Henderson also recalled that on his first day going into court as a lawyer, the judge told him that he needed to wait for his lawyer to show up before he was allowed to speak. “He didn’t know that I was there as an attorney assigned to his courtroom.”
There is a special balancing act to being a Black man, an attorney, and a member of society and its reflected in the larger issue of Black people dying unnecessarily when they are doing mundane things, such as jogging, walking down the street, or even sleeping at home. “My titles don’t matter. My education don’t matter. My work experience don’t matter when what you see is my skin,” Henderson said, adding that has become a problem, especially in regards to justice system, “where color makes a difference, and where the color of your skin means that you have a different encounter than your peers.”
“We can’t fix what we don’t talk about”
The human impact of these negative experiences with law enforcement have a disastrous, multi-layered impact personally on Black lawyers. Panelist S. Lee Merritt, Founder of the Merritt Law Firm, elaborated on how as lawyers, men of color know in great depth the statutes that law enforcement uses to justify the violence, as well as the fear that can arise during a personal encounter with a police officer. “Because we’re attorneys and we look at some of the statutes and training that these officers go through, I know that all kinds of justifications [by an officer] could be used to kill me in that moment and it would have been justified,” Merritt said.
Crawford agreed, adding that this internal struggle needs to be expressed. “We often struggle with not measuring up — whether as an attorney or an elected official — our exterior doesn’t show our qualifications or titles,” he said.

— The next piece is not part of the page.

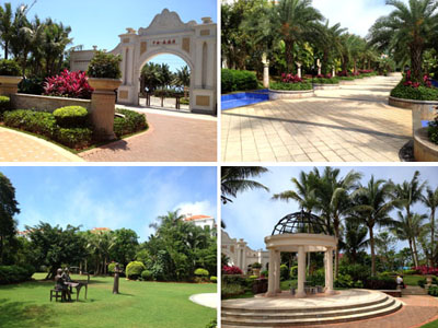 走進(jìn)森海灣,紅瓦白墻、單邊回廊的建筑設(shè)計(jì),與郁郁蔥蔥的植物一起,構(gòu)建了一個海灣童話城堡世界,營造出閑適、愜意、溫馨、雅致的居住氛圍。據(jù)項(xiàng)目負(fù)責(zé)人葉偉華介紹,作為一個高端住宅區(qū),森海灣對園林景觀的要求比較高,小區(qū)以中軸景觀帶為主景,設(shè)有游泳池、休閑草坪、疊水等,種植大王椰、霸王棕、鳳凰木、重陽木、中東海棗、老人葵等大樹襯托整個中央主景。各處庭院則選擇豐富多彩的樹種,采用不同的手法布局與建筑完美融合,透露出精細(xì)的西班牙情調(diào),用簡單詮釋浪漫,點(diǎn)綴悠閑的度假生活,使整個園林充盈著濃郁的熱帶風(fēng)情。

Exacerbating the trauma is the “suffering-in-silence” norm among men of color. “We don’t have other people really checking on our wellbeing,” Merritt noted. “And I believe that there is a level of trauma… for black men who are seeing other black men getting killed and imagining the scenarios where they might be killed. It is more traumatic than we let on.”
To change the narrative of Black men and law enforcement, people who care from all races, creeds, communities, cultures are needed, the panel stressed. “We have to start unpacking some of these subjective [issues]… because we can’t move forward as a society,” said Henderson. “We can’t claim to be just. We can’t claim to be fair until we get race-neutral outcomes.
“And that’s just an issue,” he added. “But it’s less of an issue when we are silent.”